ACTION ITEM: Take the line with "平成13年8月29日 高原川 全部で20匹ぐらい釣れた(18〜25cm)" as the first and the last line of the data as the end. Write out both and every line between exactly, except pictures.

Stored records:
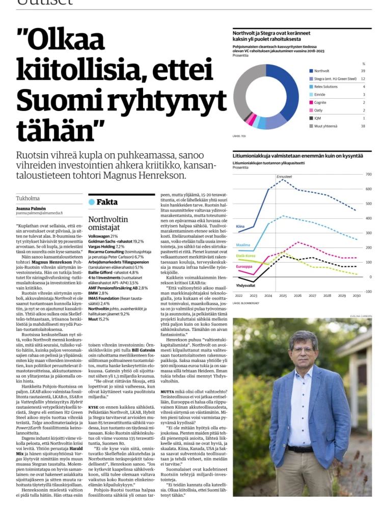 Uskon kyllä, että Suomen talous piristyy ja kasvaa markkinan mukana kunhan korot laskevat järkevälle tasolle mutta sehän ei Suomelle riitä alkuunkaan. Talouden pitäisi kasvaa selvästi enemmän, erityisesti ulkomaisia investointeja ja pääomia on pakko saada merkittävästi lisää, jotta hyvinvointivaltio olisi jatkossakin olemassa. Mutta miten niitä saadaan, missä ja mitä ovat meidän vetovoimatekijät kilpaileviin maihin verrattuna? Esim. ”Hyvä pöhinä vihreän siirtymän ympärillä” on väärä vastaus. Oikea vastaus on, ettei niitä ole. Se on sääli, koska Suomessa on potentiaalia, mutta sitä ei pystytä utilisoimaan liian korkeiden poliittisten ja ideologisten esteiden takia. Suomi on valitettavasti auringonlaskun talous ja hyvinvointivaltio. Nyt kun on ollut puhetta, että Finlandia-hymnistä pitäisi tehdä Suomen kansallislaulu, niin viimeinen lause voitaisiin samalla vaihtaa muodosta ”On aamus alkanut, synnyinmaa” muotoon ”On iltas koittanut, synnyinmaa”
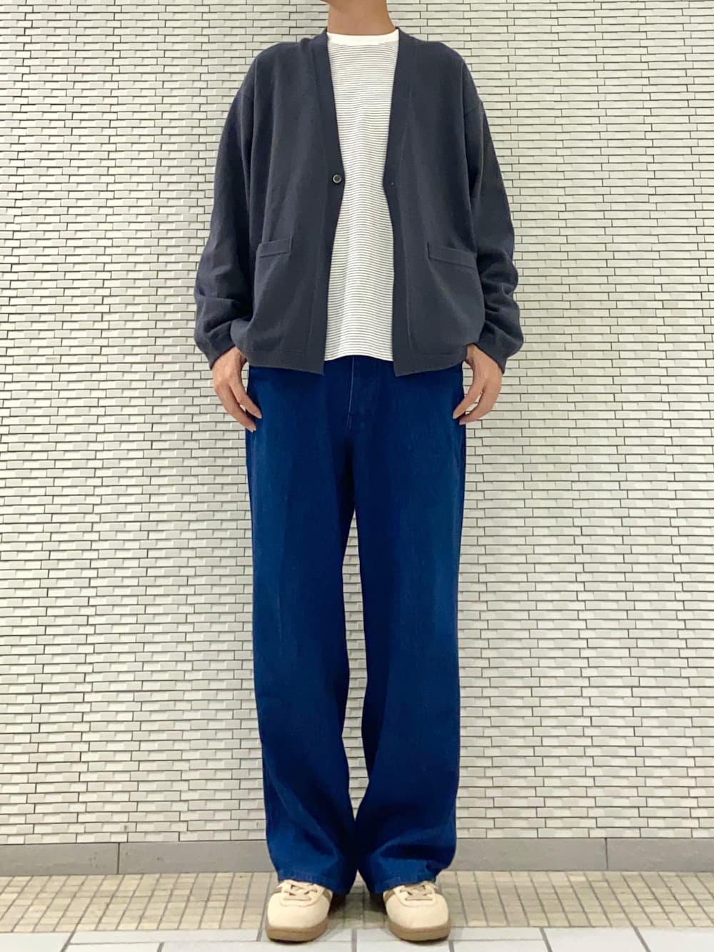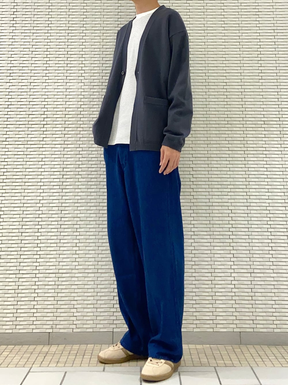 カーディガンにデニムを合わせて
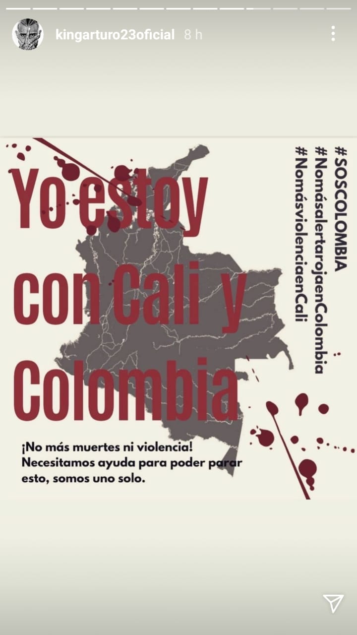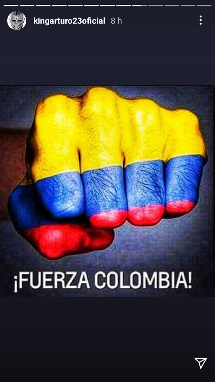 "No más muertes ni violencia" y "¡Fuerza Colombia!" fueron parte del mensaje que entregó al compartir dos imágenes en su cuenta de Instagram.
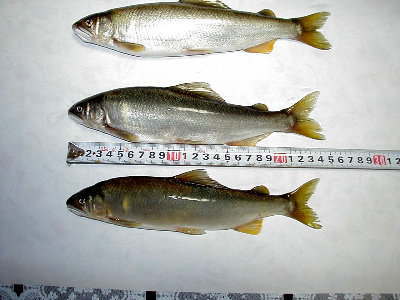 平成13年8月29日 高原川 全部で20匹ぐらい釣れた(18〜25cm)
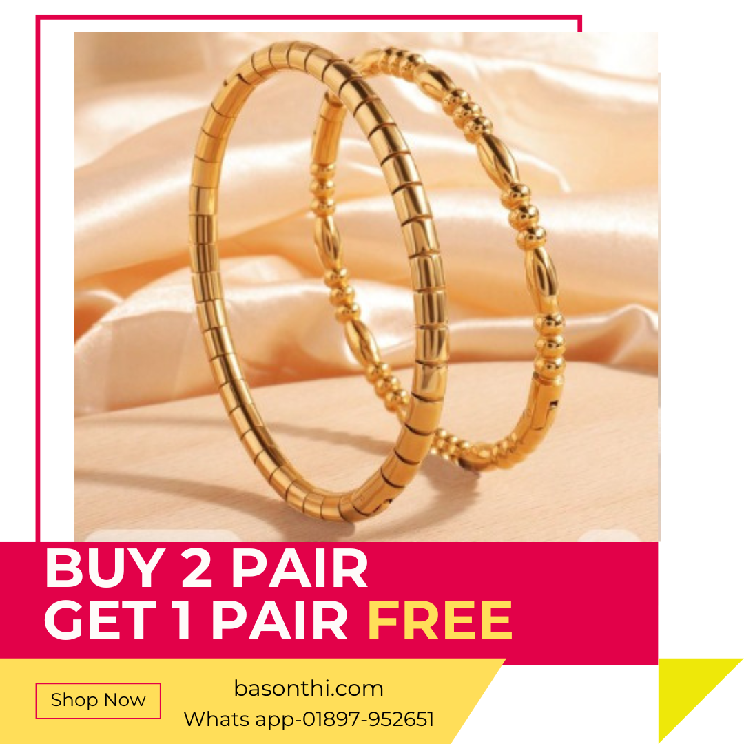 Non Tarnish Waterproof 18k Gold Plated Stainless Steel Bangle Bracelet for Women(২ পিস )
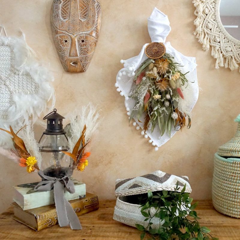 ぜひ、玄関先やリビングの空いた壁面などに飾っていただき、ボーホーの気分を味わってみてください♪
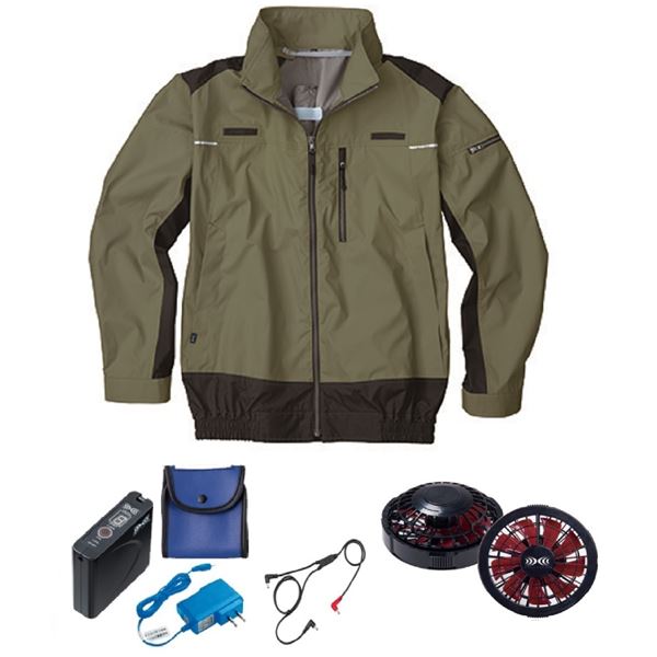 KU92110 空調服 R ポリエステル製 遮熱フルハーネス仕様 FAN2200BR・RD9261・LISUPER1セット カーキグリーン LL 緑 送料無料

WRITTEN RESPONSE:
 平成13年8月29日 高原川 全部で20匹ぐらい釣れた(18〜25cm)
 Non Tarnish Waterproof 18k Gold Plated Stainless Steel Bangle Bracelet for Women(২ পিস )
 ぜひ、玄関先やリビングの空いた壁面などに飾っていただき、ボーホーの気分を味わってみてください♪
 KU92110 空調服 R ポリエステル製 遮熱フルハーネス仕様 FAN2200BR・RD9261・LISUPER1セット カーキグリーン LL 緑 送料無料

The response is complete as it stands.